Since I'm exclusive to Amazon KDP, anything Kindle doesn't like is a no-no.

Thanks.

Ernest Bywater

@John Demille

John, when I've stopped using div commands (and a lot of other general html commands) for e-pubs because they don't translate across well. Are you sure this will convert from html to the xhtml used by the e-books?

Replies:   John Demille
Switch Blayde

@John Demille

I guess I wasn't clear. I'm not coding the XHTML/CSS. I feed a Word docx file into Calibre. It outputs an epub. I upload that to Amazon KDP. I was talking about what to do in my Word doc for Calibre to do it's thing.

I realized there really isn't a page in HTML. Right? On a webpage, there's the scroll bar. It just goes on and on. The e-reader creates a virtual page from, I guess, knowing the dimensions of the device.

I'm thinking I could use the left/right centering in Word and then add a few blank lines where I want them. I won't be centered top to bottom, but it'll probably be okay. It all depends on Calibre. It needs to maintain the integrity of the blank lines.

Replies:   Crumbly Writer
Crumbly Writer

@Switch Blayde

Since I'm exclusive to Amazon KDP, anything Kindle doesn't like is a no-no.

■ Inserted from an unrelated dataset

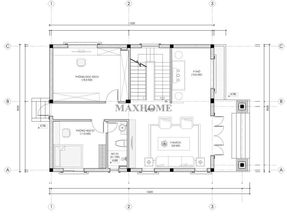Từ sảnh chính bước vào, không gian đầu tiên là phòng khách rộng rãi, được bố trí sang trọng và thoáng đãng. Bên trái phòng khách là phòng thờ diện tích 10,5m², thiết kế trang nghiêm, hợp phong thủy, tạo sự cân đối cho tổng thể. Tiếp nối là phòng đọc sách yên tĩnh, nơi các thành viên có thể thư giãn, đọc sách hoặc làm việc. Phòng ngủ master được bố trí ở phía sau, đảm bảo sự riêng tư và yên tĩnh cho gia chủ. Cuối nhà có lối đi ra cửa hậu kết nối với khu bếp ăn được xây tách riêng, giúp không gian sinh hoạt chính luôn sạch sẽ, thông thoáng và tránh ảnh hưởng bởi mùi nấu nướng.

Kindle does NOT do epubs. I'm guessing you're going to convert it first using Calibre?

Replies:   Switch Blayde
Ernest Bywater

For setting it in Word the best I can think of is to use the paragraph format commands to set the space above and below the paragraph along with a page break before and after the relevant text and then see how that comes out. Depending on how many lines of text you can use 3 paragraph styles, one for the top line, another for the middle lines, and a third for the bottom line with the first having a large space before the paragraph and the third having a large space after the paragraph. I've no idea how it'll convert.

Replies:   Ernest Bywater
Crumbly Writer

@Switch Blayde

I'm thinking I could use the left/right centering in Word and then add a few blank lines where I want them. I won't be centered top to bottom, but it'll probably be okay. It all depends on Calibre. It needs to maintain the integrity of the blank lines.

Text is more clear cut. But you should assign a paragraph class, rather than using < align=center> because Amazon doesn't always do what you think it will (it trims margins and indents).

You define a class as follows:

p.Center
{
text-indent: 0em;
text-align:center;
margin-top:0.5em;
margin-bottom: 0em;
}

and the use < p class=Center>whatever you want the line to say. Though again, if you're including a cover image, you'll have to include the < span class=center> command within the p command.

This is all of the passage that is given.